Today, though, we see so much clutter and distracting backgrounds on vehicles. Splashes, photographs, texture and all sorts of stuff hinder the delivery of a clear message.
Clutter kills
When I first entered the sign-painting trade, I was taught that the outdoor advertising principles developed during the golden era in the 1950s applied to vehicle graphics, as well. Minimal copy, strong contrasts and appropriate graphics were the goal.
We see graphic trucks and cars moving in all directions whether we are standing still or moving ourselves. Either way, one important fact remains: Reading time is critical. Without a doubt, the amount of time viewers have to understand what they see is the most important factor.
As designers of signage, our responsibility to our clients is to deliver a clear message to the general public as effectively as possible. That means something that can be understood quickly in two to three seconds. Today, five words or less is the maximum.
That “less is more” approach couldn’t be more important in today’s cluttered and busy visual environment. Imagine yourself on an interstate highway. You’re in an area you’re not familiar with. There’s traffic to deal with, and you need to find information on one of those roadside signs.

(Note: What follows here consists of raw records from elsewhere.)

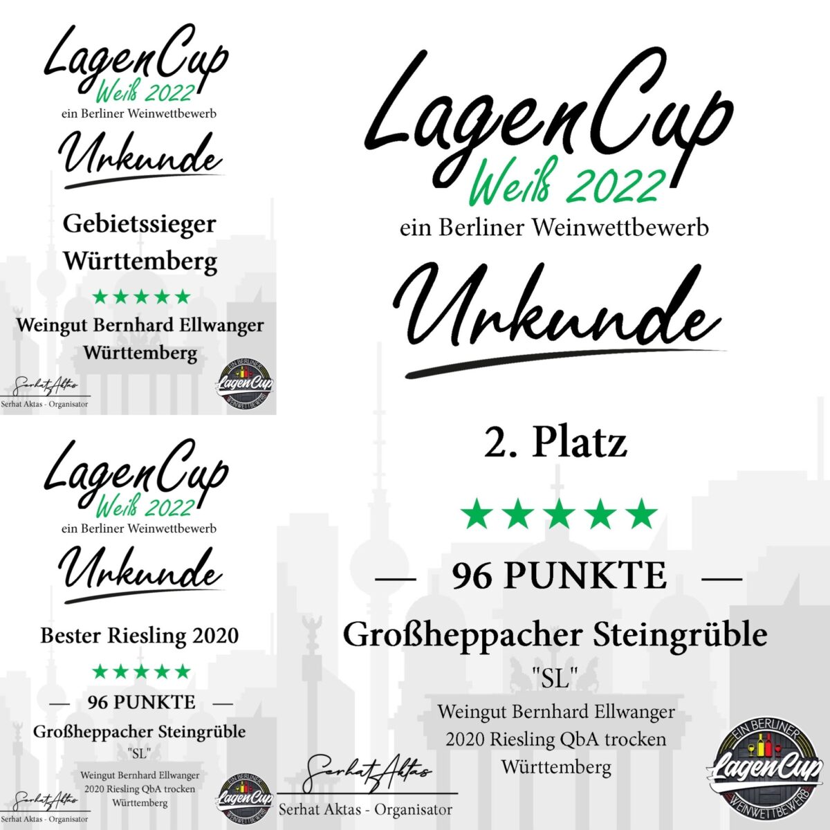 „…Wie man in der Blindverkostung merkt, sind auch die Ellwanger-Rieslinge nicht von schlechten Eltern. Oder in Worten eines Jurors „selten hatte ich so einen Riesling im Glas, bei dem ich dachte: dieser Wein ist für die Ewigkeit gemacht“. Natürlich ist das eine, durch sehr positive Emotionen, übertriebene Aussage, aber beim LagenCup ist das Reifepotenzial der Weine sehr wichtig. Und dieser Wein hat alles, was ein Spitzenwein zum perfekten Reifen braucht!“
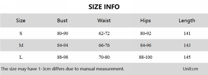 | Size | Bust | Waist | Hips |
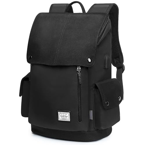 WindTook Kanvas Datorryggsäck Ryggsäckar för Laptop 15,6 Tums Med USB-Laddningsport Avslappnad Ryggsäck för Dam Herr Studerande Ryggsäck för Resor/Affärer/Högskola 30 x 17 x 45 CM Svart
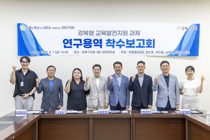[시민일보 = 문민호 기자] 서울 강북구의회(의장 김명희) 의원연구단체인 ‘강북형 교육발전지원 연구회’는 지난 1일 의회 3층 의원회의실에서 강북형 교육발전지원 과제 도출을 위한 정책연구용역 착수보고회를 개최했다.
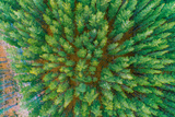 Looking down at pine tree tops in Australia - aerial landscape
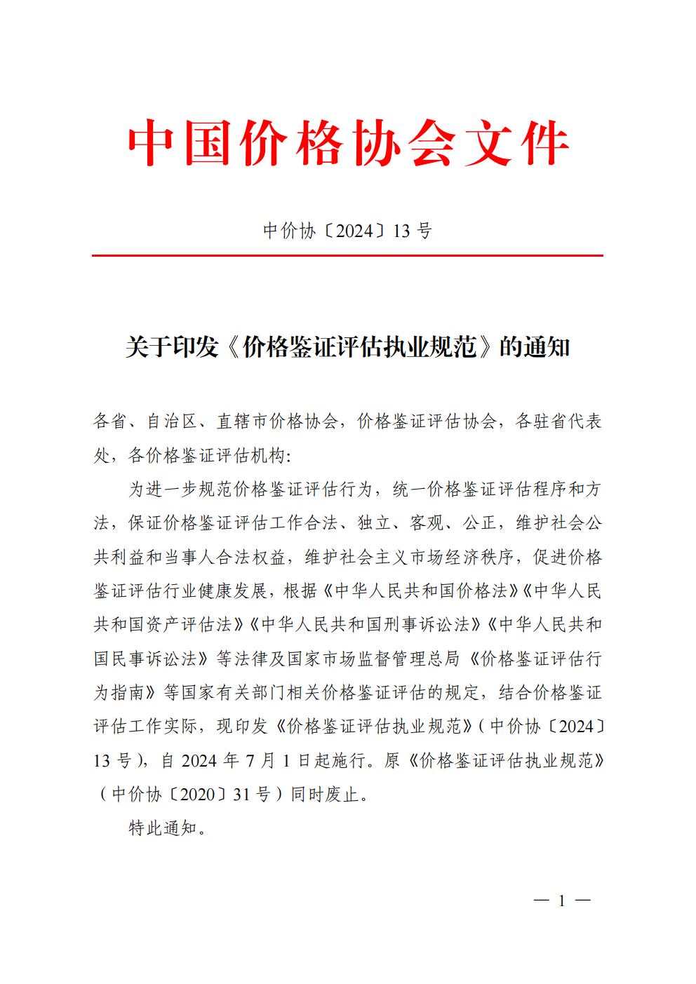 中价协[2024]13号关于印发《价格鉴证评估执业规范》的通知
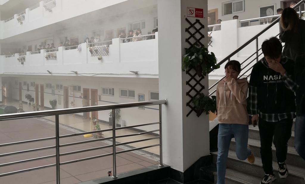本次消防安全教育活动由消防知识讲座,消防疏散、逃生演练,灭火演习三个环节组成。随着龙赛理科楼南楼内浓烟的升起以及紧接着消防警报声的响起,楼内同学纷纷捂住口鼻,弯腰低头按照疏散路线迅速跑到楼下。由于学院公共实验室内有大量学生在做实验课,开启紧急出口通道,便于同学快速撤离,到达安全场地。

Suddenly, you see a double-post sign with a busy background. You can’t read it, though it looks like there are pretty flowers and something else. But what?
The unnecessary background clutter, with all the color contrasts, kept the text—the essential message—from being understood. If you saw the picture, there was no time left to read the message. It was lost in the flowers and garden surrounding the text. It was unlikely that you would see the message first—the image was more dominant.

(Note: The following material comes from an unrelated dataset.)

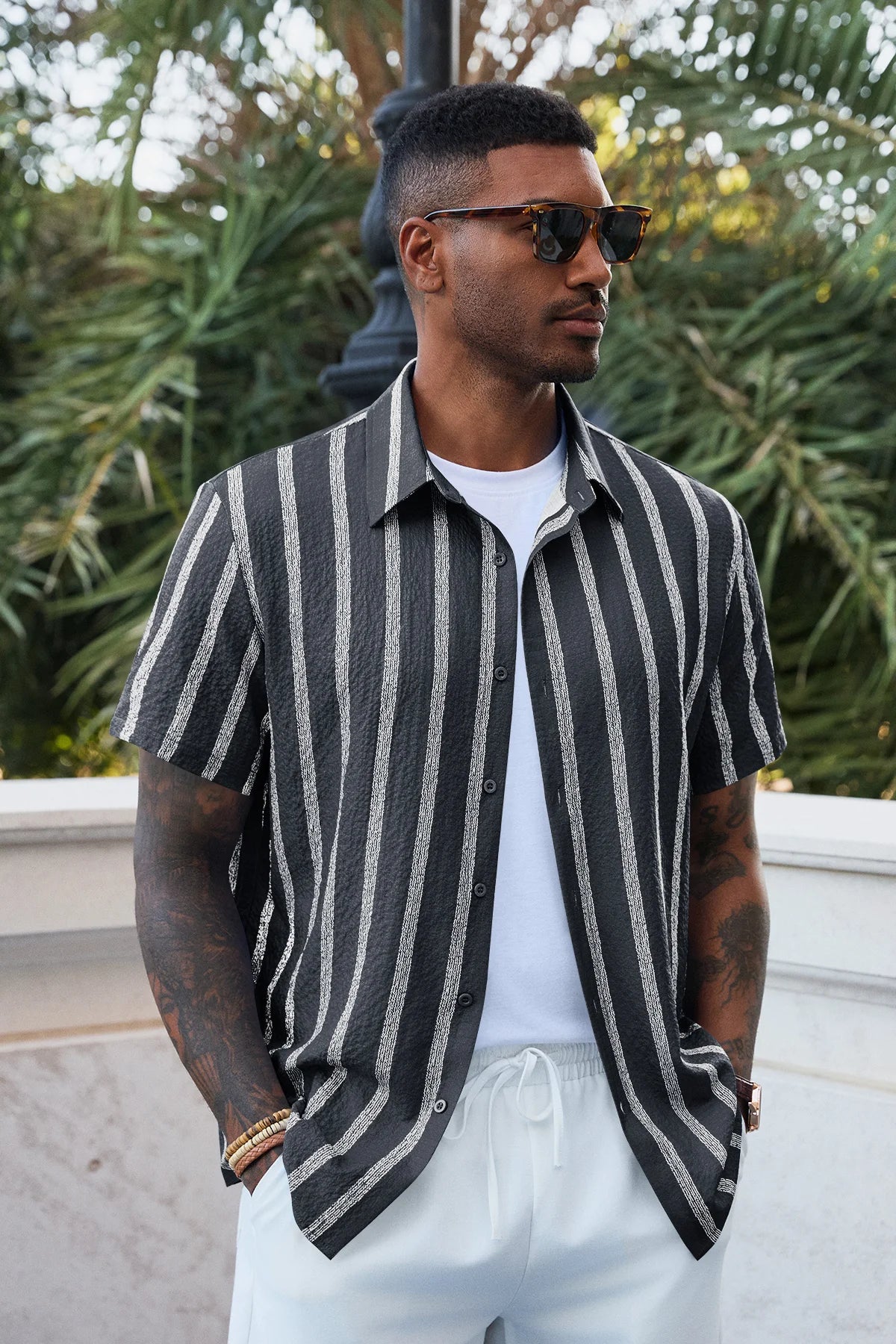 Runcati Mens Dark Grey Button Down Striped Shirts

This is the same problem we have when vehicles drive by with blurred messages and cluttered information. Our brain can only comprehend one thing at a time. It does that pretty fast as long as messages are clear. Our job is to get those messages read quickly in the order we want them read.
Design matters the most
When I see vehicles that are totally wrapped, I ask myself if it was necessary. All the material and labor to convey a message certainly adds cost. Would some of that cost have been better spent on design time, insuring that the message gets read?
I’ve been told that clients today want to stay in tune with the current trends. Well, right—but do these current trends in advertisement work effectively? Our goal is to sell our clients signage they can afford and, above all, help their business to succeed.
I dug out some photos from an era before total wraps existed. Utilizing the background color of each vehicle; allowing our design to flow from left-to-right, top-to-bottom; not staying within fixed paneled areas; using the total space with no regard to creases, windows, door handles or wheel wells—these have always been tools that sign designers used to maximize impact.
Actually, this method is very similar to the approach used on race car graphics to maximize readability at high speeds on speedways. Look at well-designed graphics on a few race cars, and you’ll see what I mean.
I asked myself if I would have changed anything in these designs if I were doing them today. Maybe some minor modifications with the typography or colors, but nothing major. Would I have inserted a background flash or splash or a photo behind them? No.
Each of these examples has a bold main message with smaller, less visible secondary information. No pictures; no unnecessary clutter to distract from the ad. During the era of hand-painted signs, we had to have a direct need to add more to what the sign’s basic task was. “Less is more” was an essential design principle, and it still is.
Will our clients go back to the clean readable look anytime soon? Well, it just may be up to us to re-invent something which, in contrast, works and reads like no other vehicle in town.